_WORK INSTRUCTIONS_:
Nothing but the lines below from the one holding "Después del homenaje" up to and including the one holding "첫 3개월 구독료는 이벤트가로" should be copied, exactly and without pictures.

_RECORD SET_:
= = = =

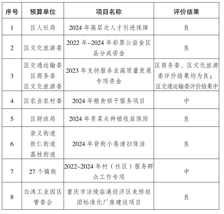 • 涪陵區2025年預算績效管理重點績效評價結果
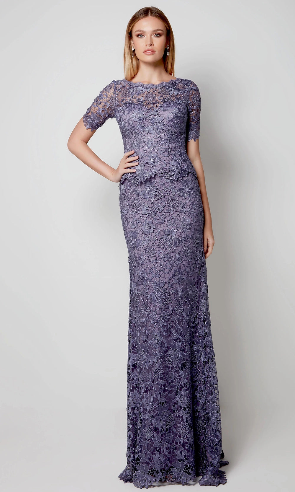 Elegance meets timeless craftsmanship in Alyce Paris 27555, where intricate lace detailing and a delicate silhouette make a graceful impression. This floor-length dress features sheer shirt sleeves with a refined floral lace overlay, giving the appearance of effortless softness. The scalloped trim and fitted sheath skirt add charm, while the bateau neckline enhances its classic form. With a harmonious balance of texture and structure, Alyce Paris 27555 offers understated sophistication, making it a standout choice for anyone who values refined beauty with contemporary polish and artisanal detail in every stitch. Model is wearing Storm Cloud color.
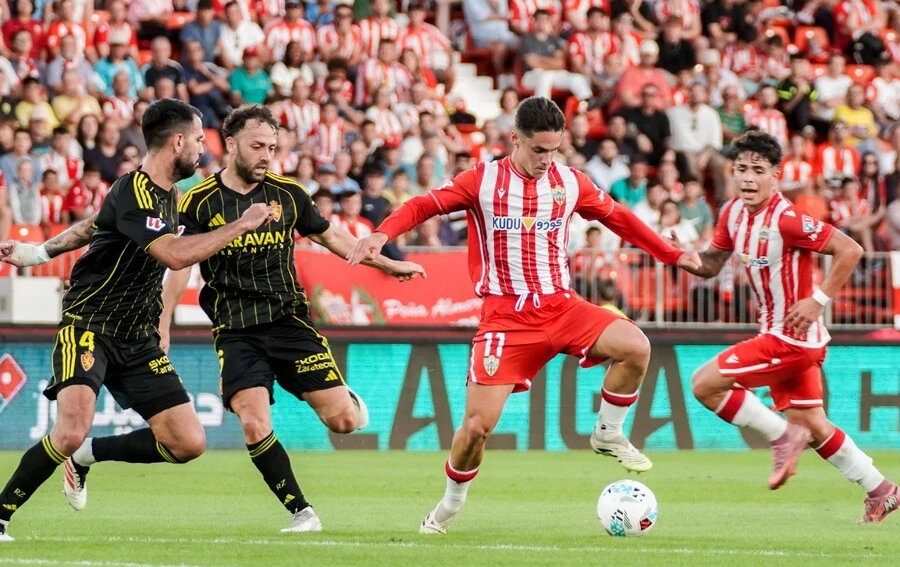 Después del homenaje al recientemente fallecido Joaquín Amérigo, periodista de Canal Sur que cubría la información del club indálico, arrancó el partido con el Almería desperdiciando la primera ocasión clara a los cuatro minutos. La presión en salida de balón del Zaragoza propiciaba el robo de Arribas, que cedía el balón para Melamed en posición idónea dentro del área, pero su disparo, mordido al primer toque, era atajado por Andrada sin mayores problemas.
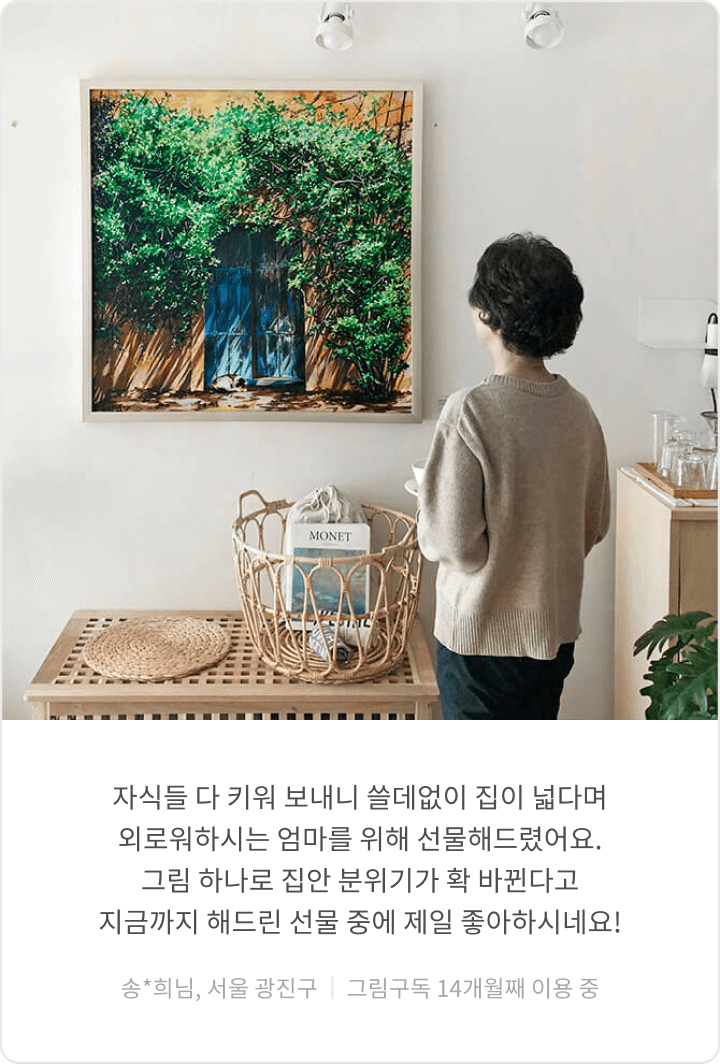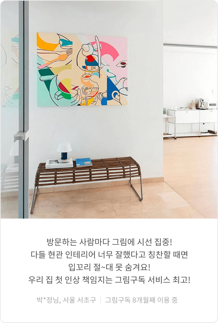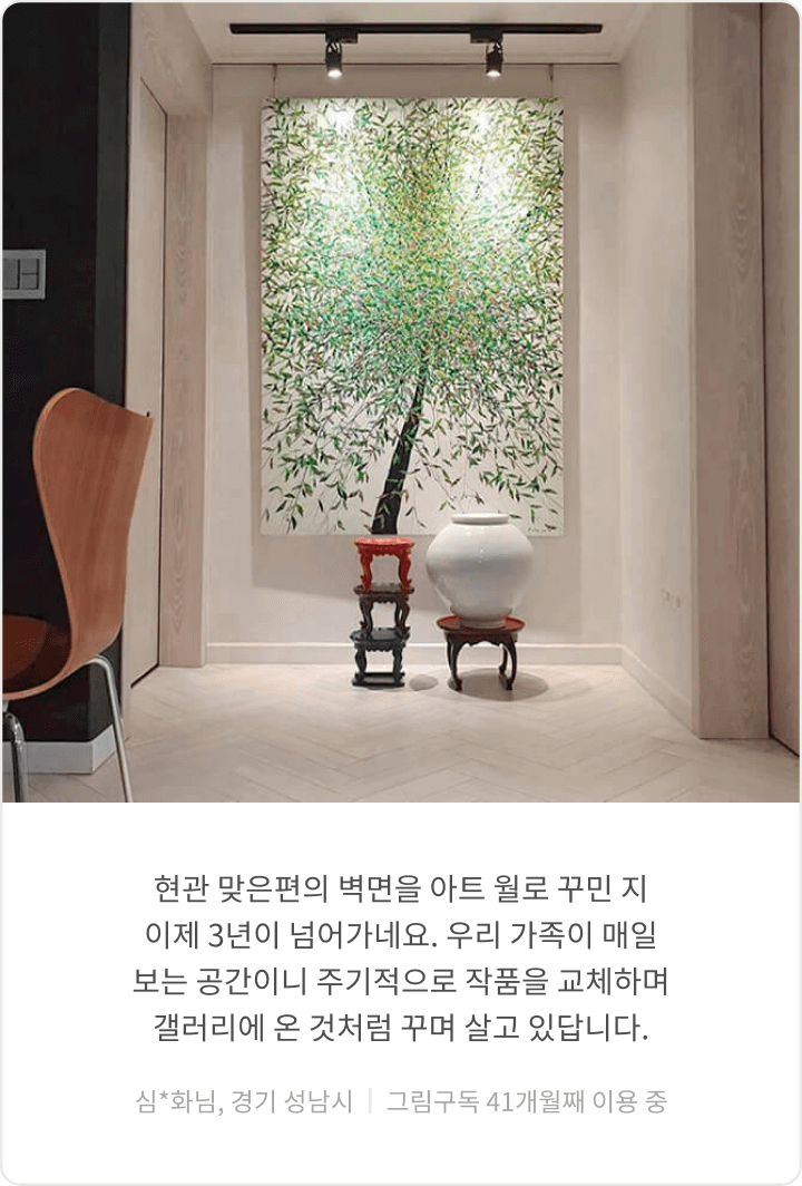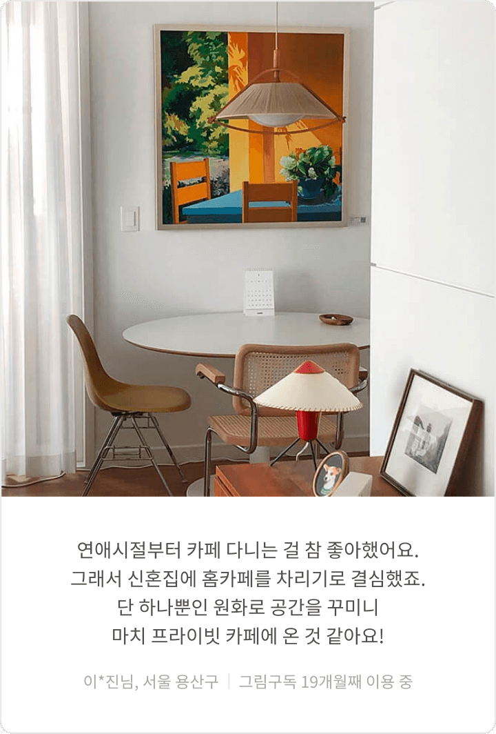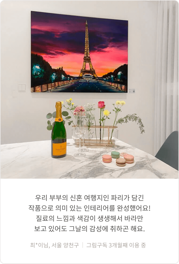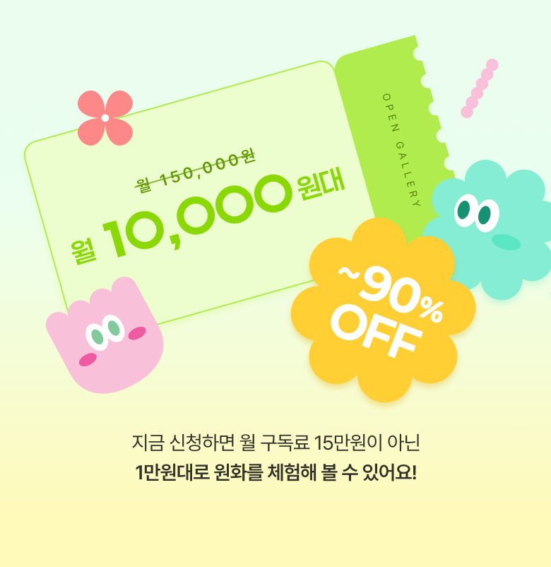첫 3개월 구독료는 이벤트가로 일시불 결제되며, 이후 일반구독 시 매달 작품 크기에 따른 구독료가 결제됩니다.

= = = =

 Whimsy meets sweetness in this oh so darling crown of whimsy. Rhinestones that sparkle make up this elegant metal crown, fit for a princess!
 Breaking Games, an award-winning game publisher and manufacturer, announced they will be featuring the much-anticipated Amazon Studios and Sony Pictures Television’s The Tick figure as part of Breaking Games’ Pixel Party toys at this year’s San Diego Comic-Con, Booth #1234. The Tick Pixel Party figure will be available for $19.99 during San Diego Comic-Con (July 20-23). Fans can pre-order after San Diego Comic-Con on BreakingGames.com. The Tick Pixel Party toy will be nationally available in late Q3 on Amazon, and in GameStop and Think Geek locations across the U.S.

= = = =

_ANSWER SECTION_:
 Después del homenaje al recientemente fallecido Joaquín Amérigo, periodista de Canal Sur que cubría la información del club indálico, arrancó el partido con el Almería desperdiciando la primera ocasión clara a los cuatro minutos. La presión en salida de balón del Zaragoza propiciaba el robo de Arribas, que cedía el balón para Melamed en posición idónea dentro del área, pero su disparo, mordido al primer toque, era atajado por Andrada sin mayores problemas.
첫 3개월 구독료는 이벤트가로 일시불 결제되며, 이후 일반구독 시 매달 작품 크기에 따른 구독료가 결제됩니다.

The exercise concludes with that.